Report: Many Find 'Global Warming' More Threatening Than 'Climate Change'

May 28 - McClatchy-Tribune Regional News - Matthew Sturdevant The Hartford Courant

A Yale report says American feel more personally threatened by "global warming" than by "climate change."

And no wonder.

"Global warming" makes Americans think of melting glaciers, coastal flooding, a hole in the ozone layer and worldwide catastrophe, says the report, released Tuesday.

But "global warming," more than "climate change," also inspires a greater willingness in people to take action and get their political leaders to do something about it, the report said.

The report, "What's In a Name: Global Warming Versus Climate Change," investigates the different meanings the two terms carry for different people.

Technically, global warming is the increase in Earth's average surface temperature since the Industrial Revolution while climate change is long-term changes to Earth's climate including variations in temperature, precipitation and wind patterns over many decades or longer, according to the Yale Project on Climate Change Communication.

"Most of us deal with the world not through dictionary definitions, but through the connotative meanings of these words," said Anthony Leiserowitz, director of the Yale Project on Climate Change Communication.

In general, the report says, "global warming" carries more negative associations and generates a greater sense of urgency to respond than does "climate change."

The Yale Project on Climate Change Communication analyzed three studies. The first was a look at Google searches from 2004 to 2014, which found that Americans more often use the term "global warming" than "climate change" in their searches.

The second study was a national survey that found Americans are equally familiar with both terms but are four times more likely to say they have heard "global warming" than "climate change" in public discourse and twice as likely to say they personally use the term "global warming."

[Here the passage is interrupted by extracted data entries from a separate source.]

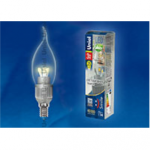 Лампа светодиодная (LED) «свеча на ветру» d37мм E14 360° 3Вт 220-230В прозрачная тепло-белая 3000К UnielLED-CW37P-3W/WW/E14/CL ALS01SL Лампа светодиодная трехлепестковая. Форма "свеча на ветру", прозрачная колба. Материал корпуса алюминий. Цвет свечения теплый белый. Серия Aluminium Smile. Упаковка пластик
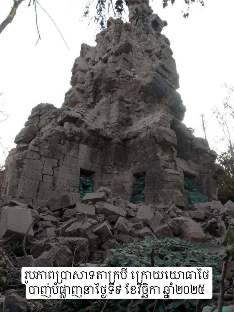 ភ្នំពេញ ៖ បន្ទាប់ពីទទួលរងការបាញ់បំផ្លាញយ៉ាងធ្ងន់ធ្ងរពីសំណាក់យោធាថៃកាលពីថ្ងៃទី៨-៩ ខែធ្នូ ឆ្នាំ២០២៥ ប្រាសាទតាក្របី ជាទីសក្ការៈរបស់កម្ពុជា បន្តទទួលរងការបាញ់កម្ទេចជាថ្មី បណ្តាលឱ្យរូបរាង និងរចនាសម្ព័ន្ធប្រាសាទត្រូវបានបំផ្លាញទាំងស្រុង នាថ្ងៃទី១០ ខែធ្នូ ឆ្នាំ២០២៥ ទោះជាក្រសួងវប្បធម៌និងវិចិត្រសិល្បៈបានអំពាវនាវរួចហើយក៏ដោយ។
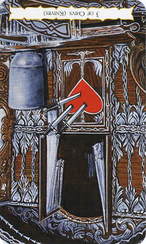 If a card is upside down, that is the common notation for the opposite meaning of the card, also known as the "negative" or "reversed" meaning of the card.
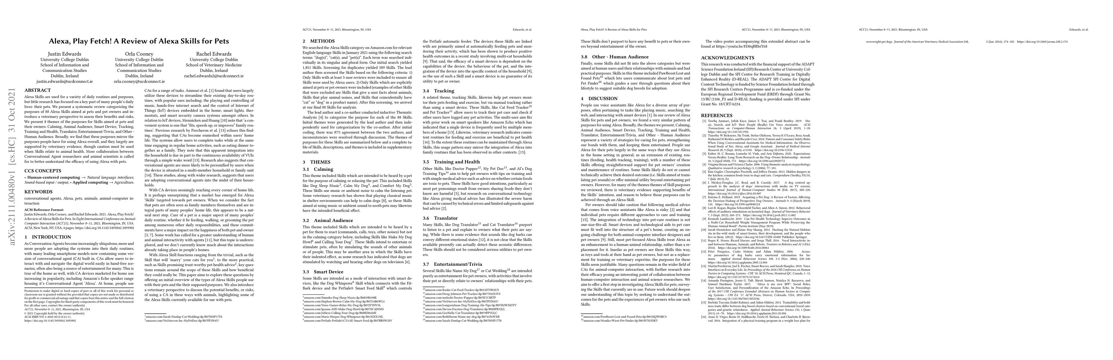 This paper systematically reviews 88 Alexa Skills designed for pets and pet owners, categorizing them into eight themes: Calming, Animal Audience, Smart Device, Tracking, Training and Health, Translator, Entertainment/Trivia, and Other - Human Audience. The study finds that these purposes align with general Alexa uses and are generally supported by veterinary evidence, though caution is advised for health-related Skills. The paper calls for more collaboration between researchers and animal scientists to better evaluate Alexa's efficacy with pets.
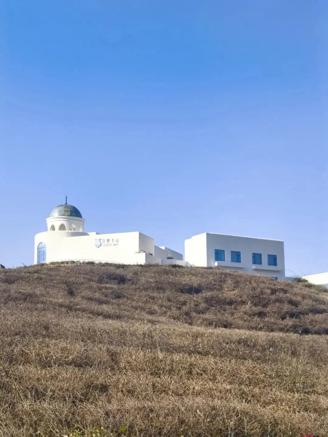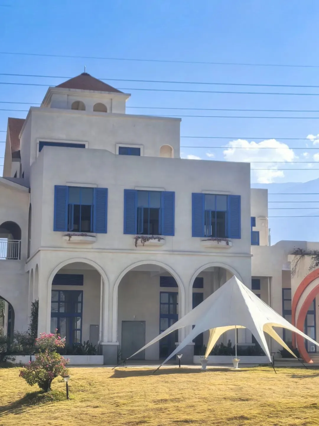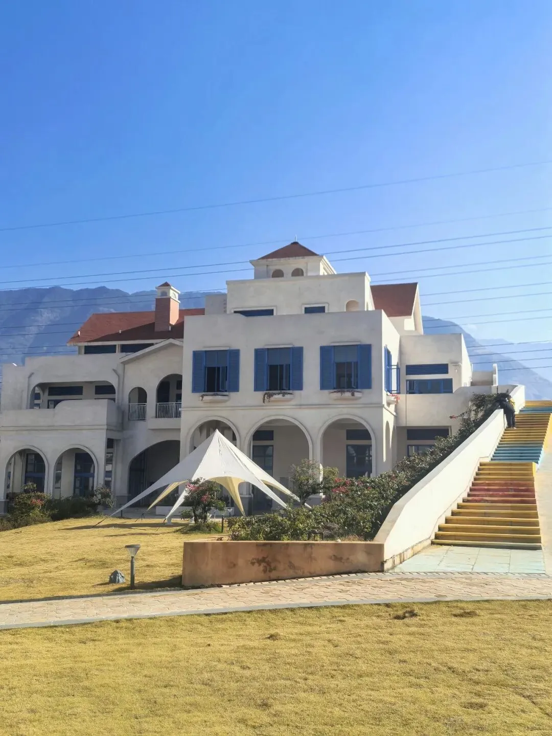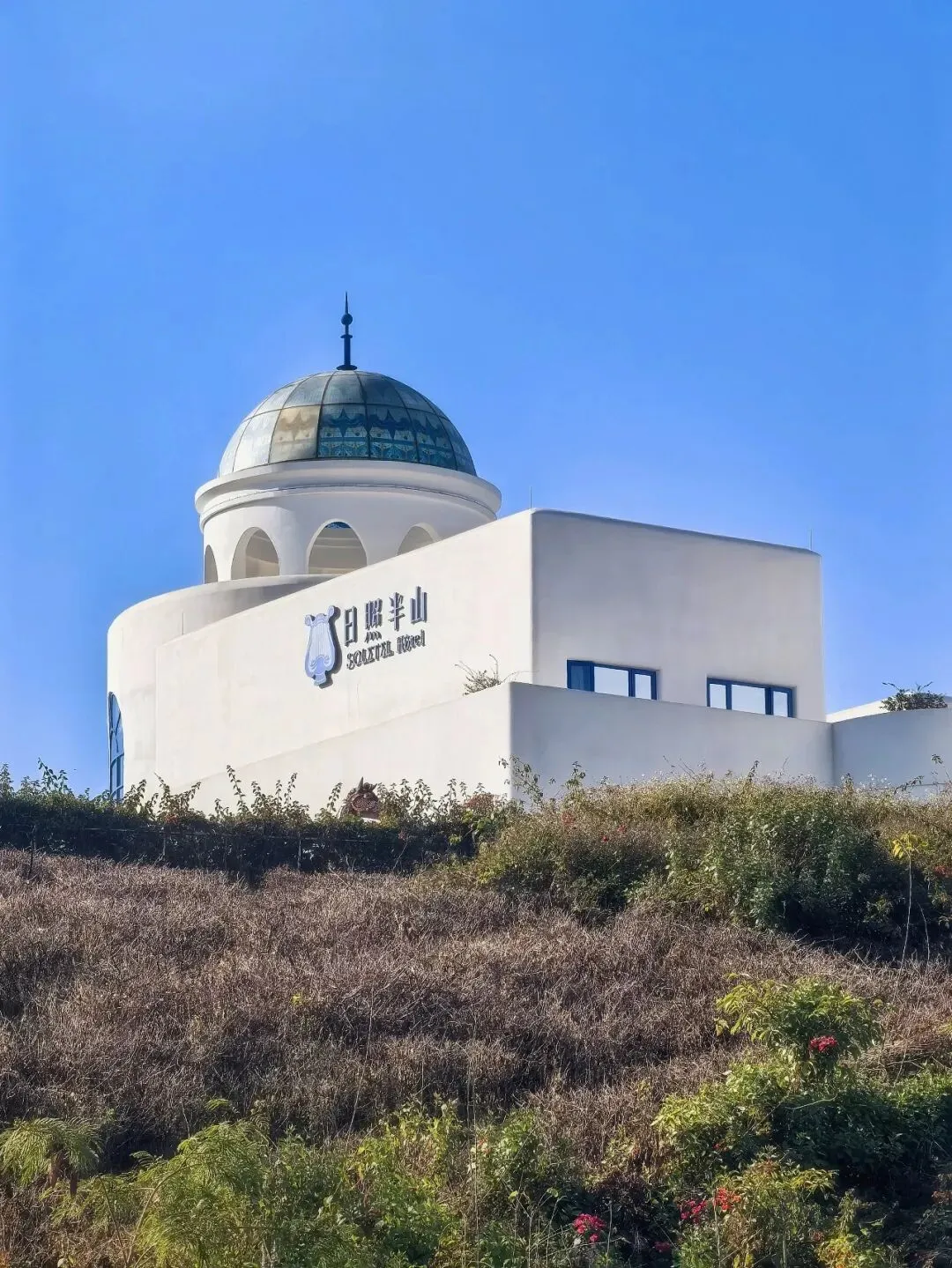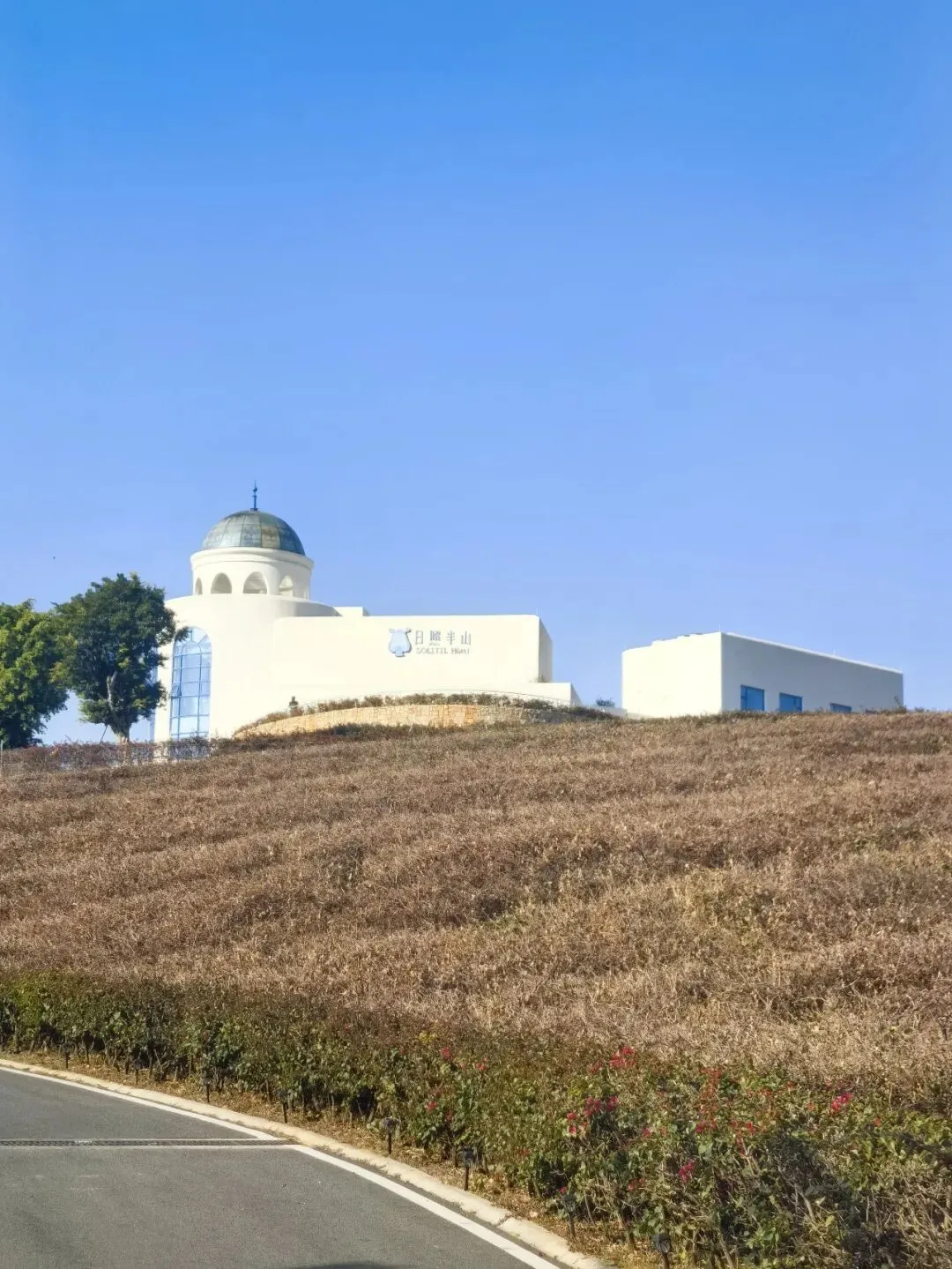 行至半山腰,目光骤然被一片蓝白建筑群吸引 —— 那是依山顶而建的日照半山酒店,满满的地中海与圣托里尼风情。错落的穹顶、清爽的蓝白配色,与远处的蓝天白云、脚下的青山梯田浑然相融,竟宛若将爱琴海畔的浪漫,悄然搬来了川西南的山谷之间。酒店占据着山顶的制高点,是网红打卡的胜地,晴好的阳光搭配澄澈蓝天,随手一拍便是地中海式的蓝白唯美画卷,可惜非住客不得入内,我们被拦在公路旁,只得借着延伸的公路,远远定格这份美好。
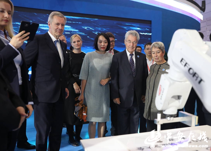 有朋自遠(yuǎn)方來,齊聚精品安徽,點(diǎn)贊皖美制造。9月19日晚,2019世界制造業(yè)大會(huì)開幕在即,外國前政要、聯(lián)合國工發(fā)組織、英國代表團(tuán)在內(nèi)的數(shù)十名外賓來到此次制造業(yè)大會(huì)的主展館參觀。展館內(nèi),高顏值的智能機(jī)器人“佳佳”,復(fù)興號(hào)穿上“國產(chǎn)跑鞋”的馬鋼車輪,會(huì)跳搖擺舞的多用途機(jī)器狗等展品充分展現(xiàn)了安徽“高精尖”的制造實(shí)力,贏得外賓一致點(diǎn)贊。包容開放讓安徽的“朋友圈”越來越大。
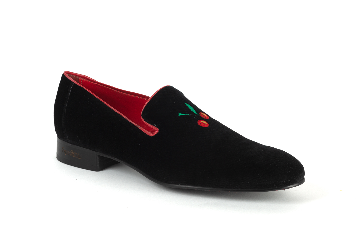 Zapato modelo Guindo, diseñado en TERCIOPELO NEGRO BORDADO CEREZAS, piso de goma negro antideslizante con materiales de altisima calidad para la maxima comodidad de todos nuestros clientes.
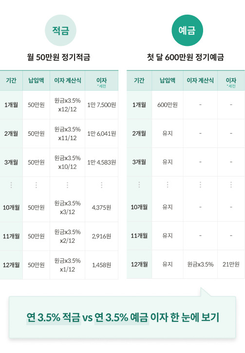 정기적금은 매달 정해진 금액을 저축하기 때문에, 저축 습관을 기르기에 좋고, 짧은 기간 내에 목돈을 만들 수 있는 장점이 있어요. 이자율이 높기 때문에 기간이 길어질수록 더 많은 이자를 얻을 수 있죠. 하지만 중간에 해지할 경우, 이자가 줄어들 수 있다는 점은 유의해야 해요.
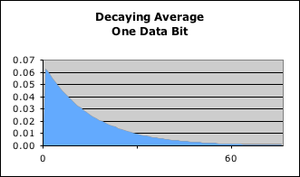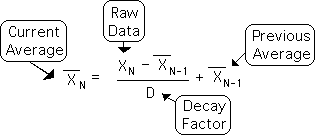 As implied by the name, D determines the rate of decay. When D’s value is large, the impact of the Fresh Data on the System is minimized. When D’s value is small, the impact is maximized. Accordingly, D, the Decay Factor, determines the impact of the incoming data upon the New Living Average. The slower the rate of decay, the less the impact of the New Data and vice versa. Decay Factor Up; Impact Down.
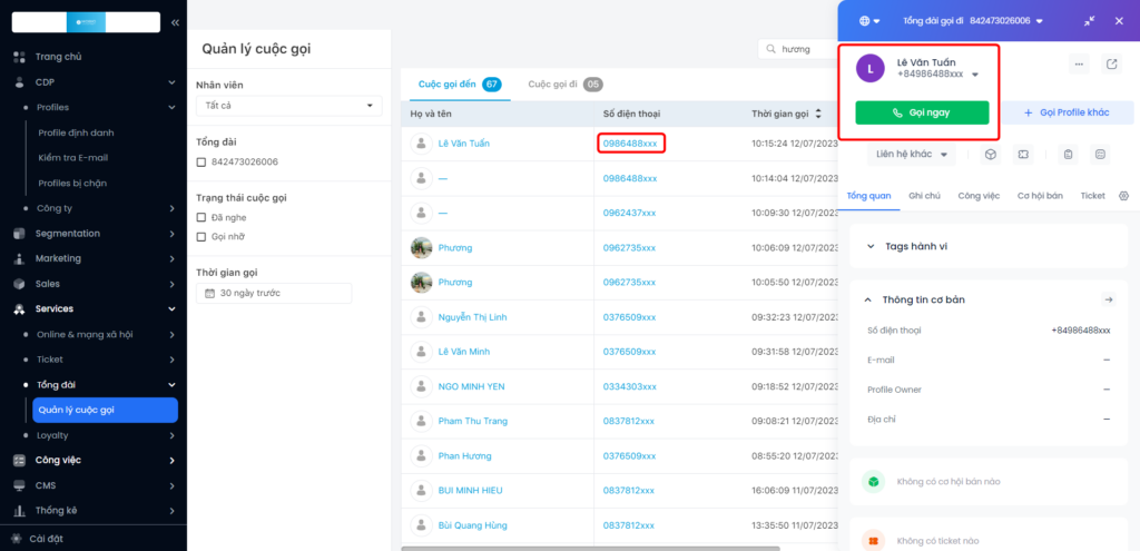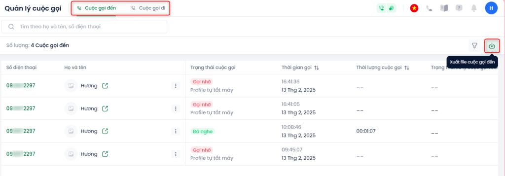 V. Các tính năng trên trang Quản lý cuộc gọi:
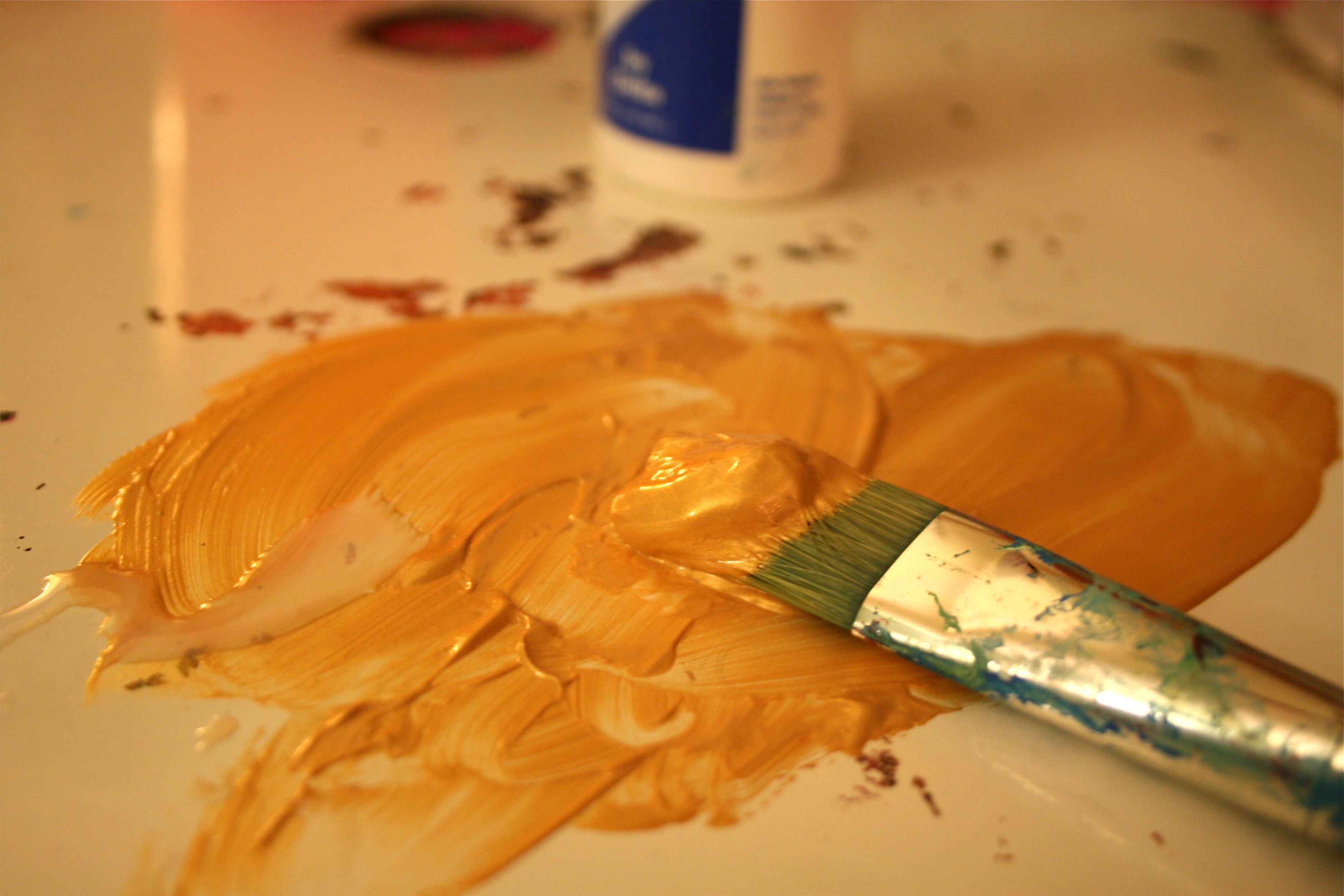 First, I spread out an old sheet to protect the coffee table in the living room, and then set out twelve clear craft-store-bought ornaments and some paint and paper supplies – Once all of the ladies arrived for the party, I just explained some of the inspiration images I had dancing around in my head and they took it from there!
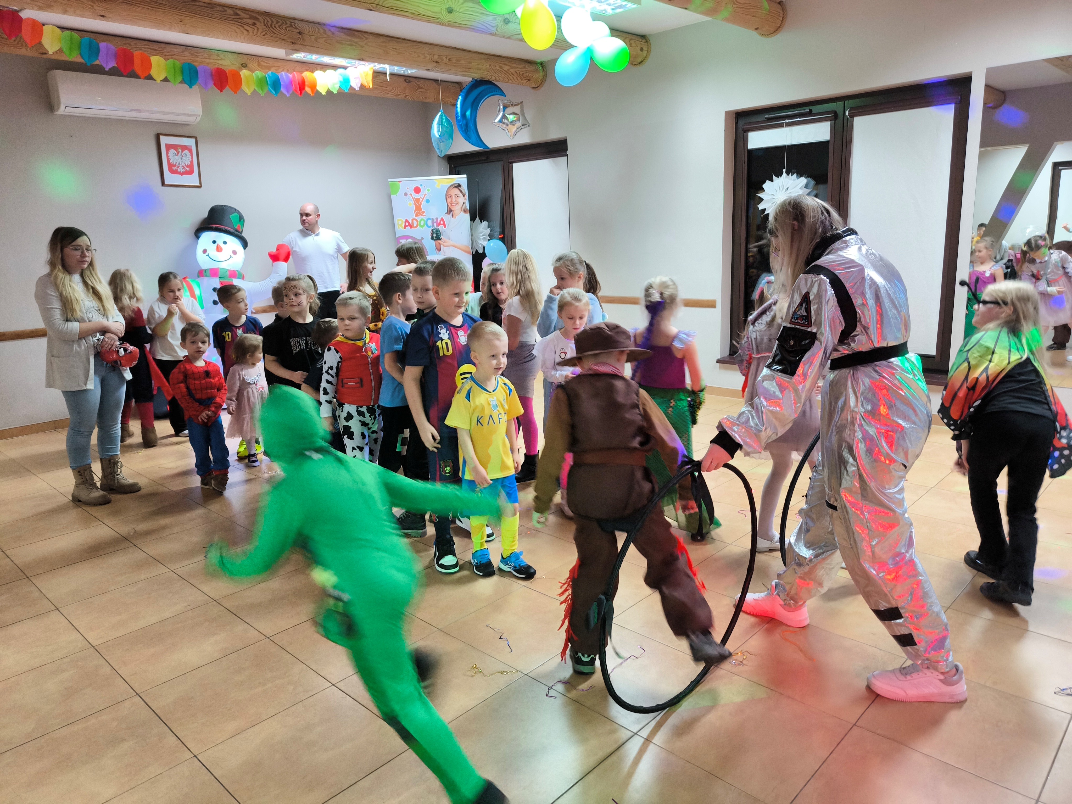 Nie zabrakło również pokazu strojów i przebrań podczas którego każde dziecko mogło zaprezentować swój kostium i otrzymać gromkie brawa. W przerwie czekał na wszystkich słodki poczęstunek – ciasto, babeczki, napoje, oraz cukierki od Wójta które dodały energii do dalszej zabawy. Na zakończenie dzieci otrzymały pamiątkowe dyplomy i drobne upominki. W sali unosiła się atmosfera radości.

The third study gauged people's top-of-mind associations with each term and also the degree to which people are engaged by each term.

"Climatic change" was first used in a paper in 1956 by physicist Gilbert N. Plass, and "global warming" was first used in 1975 by Columbia University professor Wallace Broecker.

Interest in the subject -- no matter what you call it -- has waxed and waned over the years, Leiserowitz said.

"The scientific community had been talking and, frankly, warning about this issue, climate change and global warming, as early as the 1950s," Leiserowitz said.

Scientists have more often used climate change than global warming in peer-reviewed articles for more than four decades, the Yale analysis shows.

The topic didn't take off in public conversation until June 1988, when James E. Hansen of the National Aeronautics and Space Administration told a U.S. Senate committee that pollution caused a greenhouse effect that was causing record-breaking high temperatures, Leiserowitz said.

"The media took that testimony and ran with it, and so it became kind of this explosion of public understanding and awareness and, frankly, engagement," he said.

Google searches for either "climate change" or "global warming" peaked in 2007, the year the Intergovernmental Panel on Climate Change and Al Gore were jointly given the Nobel Peace Prize. In February 2007, Gore's movie "An Inconvenient Truth" won an Academy Award for best documentary feature.

The largest spike in Google searches for "global warming" occurred just after Earth Day in April 2007, shortly after the U.S. Supreme Court ruled that the U.S. Environmental Protection Agency has the authority to regulate carbon dioxide to protect human health.

"And then you see this dramatic decline in public searches as well as media reporting," Leiserowitz said. "Newspaper coverage drops by about two-thirds. Nightly network news coverage drops 90 percent, and really it bottoms out in about 2010. And that's coincident with a whole bunch of things: the economy, clearly, kind of dwarfs everything else during that period."